When Microsoft released Edge in 2015, it was clear that it had given up on reviving IE and was keeping it alive only to keep the brand going, especially for users who used it as the default option in older versions of Windows OS. New feature developments for IE were discontinued in 2016 in favour of Edge, which now enjoys a 4% market share.

Last year, the company had said that full support for IE would be discontinued on June 15, 2022, after which, the alternative would be Microsoft Edge with IE mode for legacy websites. The transition was made public last month when Sean Lyndersay, general manager, Microsoft Edge Enterprise, in a blog, said, “We are announcing that the future of Internet Explorer on Windows 10 is in Microsoft Edge. “Not only is Microsoft Edge a faster, more secure, and more modern browsing experience than Internet Explorer, but it is also able to address a key concern: compatibility for older, legacy websites and applications.”

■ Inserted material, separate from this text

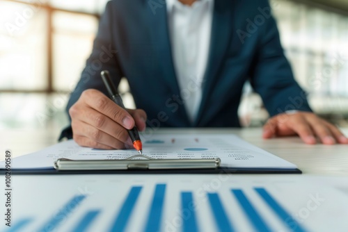 With a smile, a business professional focuses on retirement planning and financial literacy, analyzing data and taking notes, with graphs and charts clearly visible on the document.

Microsoft’s lack of innovation in terms of upgrading IE and its reliance only on the fact that it was the default browser of Windows OS, which dominates the PC market, created the perfect environment for modern browsers to eat into IE’s share and dominate the market. Though Edge is a trendier and feature-rich browser and is available on mobile devices, Chrome, Firefox and Safari have moved way ahead in addressing cross-device compatibility, syncing personal data across platforms and forcing website developers to create web pages in the standards set by their layout engines. This explains the current market share of Edge, which is not likely to regain for Microsoft the glorious days that IE delivered in the 1990s.